A couple of things about the woman we ought to pay attention to. One is that the only time she seems really positive towards this man is when he comes to see him and she welcomes him, but then she disappears into the background. All of the dialogue is between her husband and her father. So in light of this we see that the narrator is portraying her is a negative light, unlike Achsah the wife of Othniel back in chapter one, who does get involved. But this woman is completely passive, is completely ignored, and just takes up a background role.

 

Verse 11, the Levite urged the man to lodge in Jebus.
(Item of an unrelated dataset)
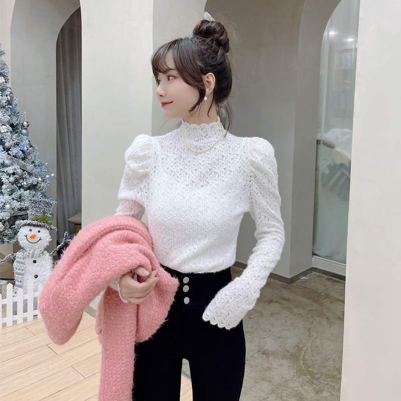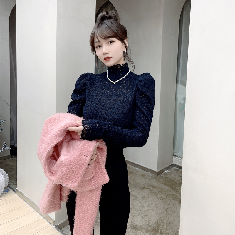 JUSCC Card Female dress Official flagship Korean version High collar tea will name Yuanyuan Hollowed-out Lace Blouse Girl Net Red the same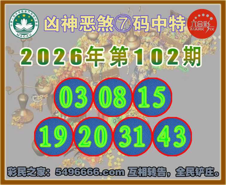102期: 😍『凶神恶煞』 😍⑦码中特😍【03.08.15.19.20.31.43】开:20

But, v.12, his master said, “We will not turn aside into the city of a foreigner, who is not of the children of Israel; we will go on as far as Gibeah. ”   What he is saying is that the city is dominated by a bunch of pagans and we can’t be safe there. The irony is that he is going to press on and go to a town controlled by Israelites, where he is not safe and where she is going to lose her life. The irony is that Israel no longer is a place safe for even Jews to live.

 

Verse 15, his father-in-law had been wining him and dining him for three days but here nobody even says, Hi. They are not hospitable. The writer wants us to be aware of the fact that there is something very troublesome about this.

 

Verse 16, “And, behold, there came an old man from his work out of the field at even, which was also of mount Ephraim; and he sojourned in Gibeah: but the men of the place were Benjamites.” Note: The writer has now mentioned Benjamin twice now. There are three times he has mentioned Gibeah. Then he makes the point that this other man, this old man, is sojourning in Gibeah, he is not a local and he is not a Benjamite. He really wants to make the point that this man is not a Benjamite, follow the ball, Benjamin is where the place of trouble is, the Benjamites.

 

This old man was the only one to recognize his vassal responsibility to love his neighbor and is going to be hospitable, and everyone is too concerned with what is going on in their own lives and their own affairs to open up their home and to be kind to this stranger. He invites them to his house. Verse 20, “Do not spend the night in the open square.” There is a warning there. This is a walled city to protect the people from trouble outside, but the old man recognizes that the problem is not outside, the problem is inside. Everything we see here is the result of the nation forgetting their responsibilities as vassals to God, rejecting doctrine, rejecting the law, and so it has its impact in the way it tears apart the fabric of society. It tears apart marriages, it promotes an environment where sodomy increases, there is sexual perversion that is taken as being normal, where people are uncaring and uncompassionate, and the only thing they are concerned about is doing whatever pleases themselves. So we see how arrogance and selfishness rise to the top in a pagan society.